Figure 2Functional prediction of the hit haplotype block. (A) Functional annotation of the hit block. The hit haplotype block (red bar on the left top showing the block and blue bars showing the genotype single nucleotide polymorphisms [SNPs] in Generation Scotland: The Scottish Family Health Study [GS:SFHS]) is located in the intron region and a proportion of an adjacent exon of gene TOX2, overlapped with Fantom5 enhancers and transcription start sites, and regulatory-relevant histone modification peaks (H3K27Ac and H3K4Me1). Within the block, 38 imputed SNPs were associated with major depressive disorder (MDD), using SNP rs79645278 (pink) as an example. This SNP is located in the peak of active enhancer in astrocyte (highlighted with blue line). (B, C) Boxplots showing tissue-specific effect from SNPs that are both associated with MDD in GS:SFHS and gene expression, using SNP rs79645278 as an example. (B) The minor allele of rs79645278 upregulates the expression of a long noncoding RNA RP1-269M15.3 in the tissue nucleus accumbens basal ganglia. (C) The minor allele of rs79645278 upregulates the expression of gene TOX2 in the frontal cortex (FCTX). CRBL, cerebellar cortex; eQTL, expression quantitative trait loci; HIPP, hippocampus; MEDU, medulla (specifically inferior olivary nucleus); OCTX, occipital cortex (specifically primary visual cortex); PUTM, putamen; SNIG, substantia nigra; THAL, thalamus; TCTX, temporal cortex; WHMT, intralobular white matter.
The regional heritability detected in the hit block was replicated in the UK–Ireland group in PGC2–MDD with nominal significance (plrt = .049, = 0.001, SE = 0.001), whereas it was not significant in other groups in PGC2–MDD and UK Biobank (Supplemental Table S11). The single-SNP-based association test for the five significant SNPs (genotyped) in this block identified in GS:SFHS showed that all five were replicated in the DS sample; all five were also replicated in the UK–Ireland group in PGC2–MDD (Table 1). Results for individual cohorts are shown in Supplemental Table S12 and Supplemental Figure S1 but not in other PGC2–MDD groups or in the meta-analyzed combined PGC2–MDD sample (Supplemental Table S13); none of the five SNPs were replicated in the UK Biobank sample, but all showed the same consistent direction of effect as that reported in the discovery sample (Table 1 and Supplemental Figure S1).

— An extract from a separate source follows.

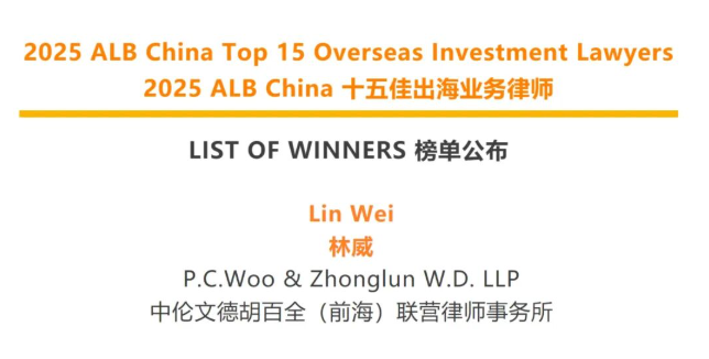 随着“一带一路”倡议迈入新十年,中国企业出海已从‘可选项’升级为‘必选项’。2025年2月20日,《亚洲法律杂志》(Asian Legal Business, ALB)首次发布了“2025 ALB China十五佳出海业务律师(2025 ALB China Top 15 Overseas Investment Lawyers)榜单”,中伦文德胡百全(前海)联营所主任林威博士凭借卓越的专业表现,荣登榜单。

Meta-analysis using all independent UK–Ireland replication samples (UK Biobank and four cohorts in PGC2–MDD and UK–Ireland) showed that all five SNPs reached nominal significance (Supplemental Table S13), consistent sign with GS:SFHS as shown in Figure 3, using SNP rs6093898 as an example.
Figure 3Forest plot showing meta-analysis for single-single nucleotide polymorphism (SNP)-based association test on Generation Scotland: The Scottish Family Health Study and all UK–Ireland replication samples (four Psychiatric Genomics Consortium–Major Depression Dataset [PGC2–MDD] cohorts and UK Biobank), using SNP rs6093898 as an example. CI, confidence interval; OR, odds ratio; seTE, standard error of the estimate; TE, estimate of effect size; W, weight of individual studies.
The current study used a combination of genome-wide HRHM, localized association tests, and functional prediction to identify candidate genomic regions associated with MDD. Using the large Scottish cohort GS:SFHS, a genome-wide significant haplotype block located in gene TOX2 was identified by HRHM as a risk region for MDD. Association tests using both single SNPs and haplotypes within this block highlighted candidates contributing genetic variants for MDD. Replication analyses showed that the regional heritability in this block was nominally significant in the UK–Ireland groups in PGC2–MDD. The SNP-level association signals within the hit block were replicated in the UK–Ireland group in PGC2–MDD and a study of DS that has overlapping subjects from PGC2–MDD and UK Biobank.
As shown in this study, compared with single-SNP-based genome-wide association methods, HRHM provided the following advantages. First, a smaller number of tests were performed; therefore, a less stringent threshold of genome-wide significance was applied. Second, haplotype blocks rather than single SNPs were the unit of mapping; therefore, these are relatively less dependent on the density of the genotype arrays and do not require the same SNPs to be typed or imputed in replication studies. Third, HRHM applied a linear mixed model accounting for both polygenic component and family structure, and it can be applied to both population and family data. Fourth, because haplotype blocks were used as the unit of mapping, the identified locus has a less complex LD structure (Figure 1D), which will benefit the downstream identification of candidate variants.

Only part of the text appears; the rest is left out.